Nov 17, 2021 - Health

Drug overdose deaths top 100,000 for first time

A map of downtown Los Angeles in the city's Center for Harm Reduction with blue pins representing  overdose reversal and red pins showing overdose fatalities.
A map of downtown Los Angeles in the city's Center for Harm Reduction with blue pins representing overdose reversal and red pins showing overdose fatalities as of Sept. 28. Photo: Al Seib/Los Angeles Times via Getty Images

An estimated 100,306 people in the United States died from a drug overdose in a 12-month period ending April 2021, according to new provisional data released by the Centers for Disease Control and Prevention Wednesday.

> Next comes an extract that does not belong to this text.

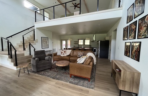 Enjoy this house on the river within a gated community. The location pin for the property is NOT downtown***the house is located off Hwy 62E on Carroll County Road 309 to 329 in the Kings River Landing development. ***This property features 2 primary bedrooms downstairs each with a queen bed and full bath. A huge sleeping loft upstairs with 2 queens, a futon and a full bathroom. There is also an empty office that could accommodate an inflatable mattress(not included ) A maximum of 8 people. The house has high speed 5G internet. The house is fully furnished inside with a welcoming area to relax, a complete kitchen with oven, refrigerator and dishwasher. The utility room has a washer and dryer. Smart tv’s in all rooms. Outside there is an EV charging station in the 2 car carport, and a lockable storage area with a bike rack inside. A Ring Camera is outside the front door. Enjoy local area attractions or just hang out on the river to float or fish in the trophy smallmouth waterway. You can also enjoy the back porch with a fire and a movie. The neighborhood has a common area with a gravel bar that you can also enjoy. Since this is a gated community there is a code for the front gate to enter.

Why it matters: It's the first time drug overdose fatalities reached six figures in a 12-month period and signals that the country is on track to set another tragic milestone after reporting a record 93,331 drug deaths in 2020.

  • The data presented is incomplete, as many cases require more investigating to confirm a cause of death, though the agency's estimates rarely largely differ from the final totals.

What they're saying: "As we continue to make strides to defeat the COVID-19 pandemic, we cannot overlook this epidemic of loss, which has touched families and communities across the country," President Biden said in a statement Wednesday.

  • "As we grieve those we’ve lost and honor their memories, my Administration is committed to doing everything in our power to address addiction and end the overdose epidemic," Biden added.
  • "To all those families who have mourned a loved one and to all those people who are facing addiction or are in recovery: you are in our hearts, and you are not alone. Together, we will turn the tide on this epidemic."

The big picture: It's roughly a 28% increase over the same time period a year earlier.

  • Greater prevalence of synthetic opioids, specifically fentanyl, and the social and economic disruptions set off by the coronavirus pandemic are widely believed to be the cause of the increased deaths.